Confessiamolo: l'idea di trarre un musical da Il re Leone, uno dei migliori film del nuovo Disney, tragico e comico allo stesso tempo come solo i drammi di Shakespeare hanno saputo essere - e qui, ormai è assodato, la lotta tra buoni e cattivi, giusti e ingiusti intorno al potere è quella di Amleto così come l'idea del figlio che vendica il padre ucciso per questioni di corona - sulla carta poteva sembrare balzana. Com'è possibile trasformare in spettacolo teatrale una favola dove gli animali sono i protagonisti? Com'è possibile restituire su un palcoscenico iene e giungle varie? A suffragare il timore c'è un'altra trasposizione disneyana: quella della Bella e la Bestia, altra piccola perla disneyana degli ultimi anni, la cui versione in musical trionfa sia a Broadway che a Londra. Uno spettacolo sfolgorante, rigoglioso ma ai limiti dell'oloeografia e del kitsch, un'ambaradan di fuochi d'artificio e di verosimiglianze così "vere-vere" da sembrare finte che divertono e stuccano al tempo stesso (sostenute però dalla bellissima musica di Alan Menken, per lungo tempo autore ufficiale delle colonne sonore di Disney e oggi transfuga altrove: già in Mulan se ne sentiva la mancanza).

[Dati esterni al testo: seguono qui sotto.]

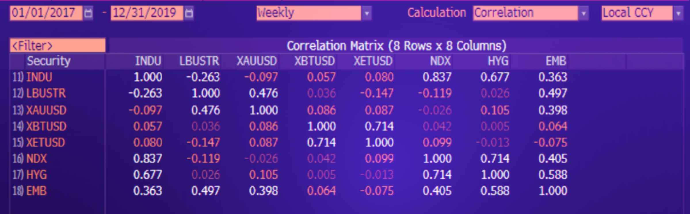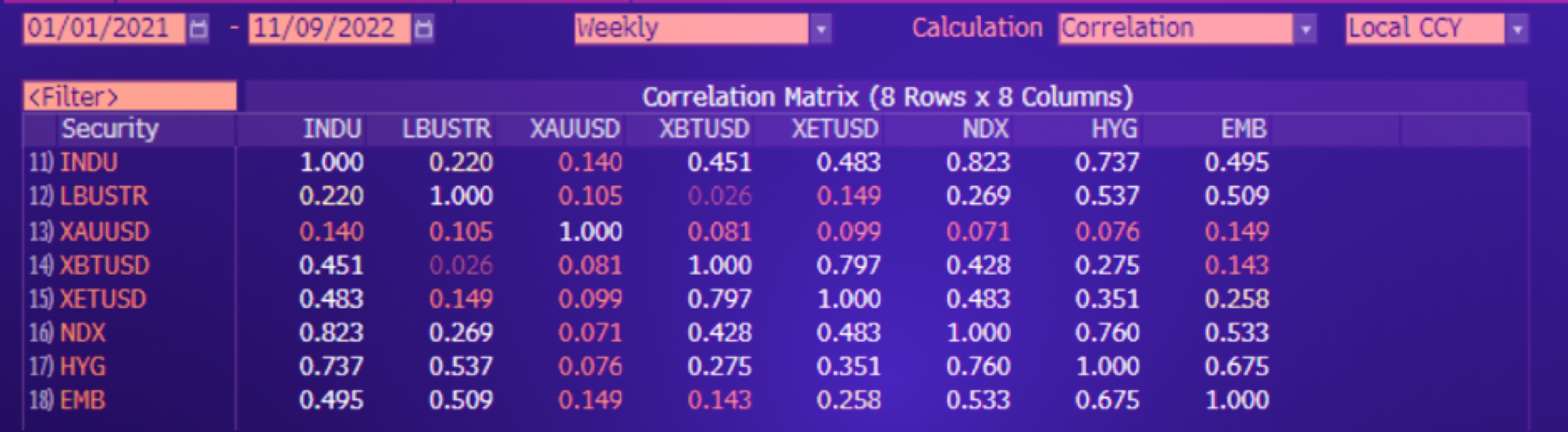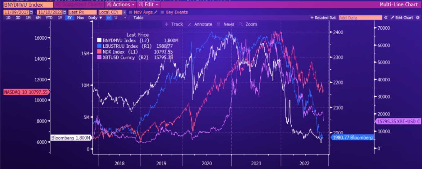 You can see below how over the last 18 months, the correlation of equity indices (INDU, NDX) with bond benchmarks (LBUSTR, EMB, HYG) and crypto (XBY, XET) has been quite positive.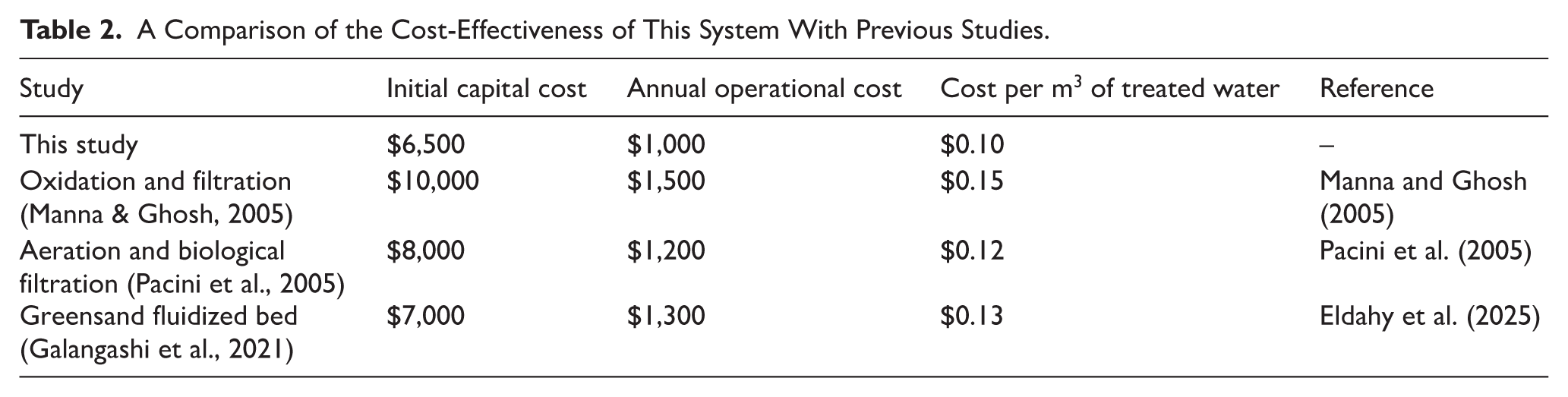 A comparison with other pilot-scale iron removal technologies, as shown in Table 2, demonstrates the cost-effectiveness of the proposed system. The cost per m3 in this study is lower than the range reported in previous studies ($0.12–$0.15 per m3), while achieving high removal efficiencies. This favorable cost-benefit ratio underscores the system’s potential for integration into riverbank filtration projects, particularly in cost-sensitive contexts.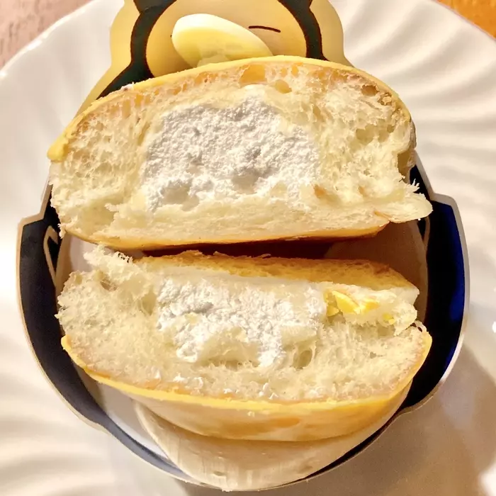 半分に割ると中には、ホイップクリームが入っていました。写真ではわかりにくいのですが、コダックの白いくちばしあたりから先にはクリームは入っていませんでした。ピカチュウの耳と同じですね。クリーム好きの子どもは、嬉々として食べていましたよ。

Invece, è accaduto il miracolo. E quel miracolo ha il volto appuntito e nervoso, gli occhi luccicanti e l'indomabile fantasia di Julie Taymor, che di mestiere fa la regista (il pubblico italiano la conosce per un Flauto Magico di Mozart diretto da Mehta al Comunale di Firenze, presto uscirà nelle sale cinematografiche un suo Tito Andronico con Anthony Hopkins) e che con questo spettacolo, oggetto di trionfo dal '97 a New York (dove sta battendo ogni record di incassi e dove ha fatto incetta di premi, un Tony per la miglior regia e uno per il miglior musical, il che significa i più importanti riconoscimenti per il teatro in America) ora in Europa, al Lyceum Theatre di Londra, vince una scommessa dall'aria improponibile. La Taymor ha avuto l'idea di camuffare cantanti e ballerini da animali. E fin qui nulla di strano: già il collega Trevor Nunn in Cats l'ha fatto. Lei sceglie però altre strade: non quelle del travestimento totale, come accade nel best seller di Andrew Lloyd Webber. Visto che il primo obiettivo - centratissimo - che la regista si è posto è quello di una partecipazione mentale attiva del pubblico, ha inventato delle protesi, più che delle semplici maschere (ideate con Michael Curry), che "danno l'idea" dell'animale ma non lo sono completamente. Rimane in vista il corpo degli artisti, - coperto di costumi che evocano le sembianze di bestie più o meno feroci - il loro volto, truccato con simboli e colori tribali, alla maniera africana; rimane visibile la manipolazione che anima ogni figura sul palcoscenico. Tutto è stilizzato, non c'è la preoccupazione di far sembrare vero ciò che non lo è, che non può esserlo: anzi, la Taymor evoca più che la giungla, un'idea di giungla fatta di legno, stoffa e carta, una natura completamente reinventata, dichiaratamente finta e fantasiosa.